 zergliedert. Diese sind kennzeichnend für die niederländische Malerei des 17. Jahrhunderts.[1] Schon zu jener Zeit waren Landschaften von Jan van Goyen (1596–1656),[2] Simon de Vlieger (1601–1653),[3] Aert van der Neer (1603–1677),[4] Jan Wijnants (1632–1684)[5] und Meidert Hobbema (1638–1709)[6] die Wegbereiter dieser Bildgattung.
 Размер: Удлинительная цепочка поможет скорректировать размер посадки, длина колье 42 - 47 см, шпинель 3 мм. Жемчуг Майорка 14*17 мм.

* * *

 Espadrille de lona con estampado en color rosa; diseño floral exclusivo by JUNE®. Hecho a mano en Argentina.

■ **WHAT YOU HAVE TO DO**:
Everything above from the line containing "zergliedert. Diese sind" down to the line containing "Размер: Удлинительная цепочка" should be copied exactly, both end lines included, and nothing else.

■ **FINISHED EXERCISE**:
 zergliedert. Diese sind kennzeichnend für die niederländische Malerei des 17. Jahrhunderts.[1] Schon zu jener Zeit waren Landschaften von Jan van Goyen (1596–1656),[2] Simon de Vlieger (1601–1653),[3] Aert van der Neer (1603–1677),[4] Jan Wijnants (1632–1684)[5] und Meidert Hobbema (1638–1709)[6] die Wegbereiter dieser Bildgattung.
 Размер: Удлинительная цепочка поможет скорректировать размер посадки, длина колье 42 - 47 см, шпинель 3 мм. Жемчуг Майорка 14*17 мм.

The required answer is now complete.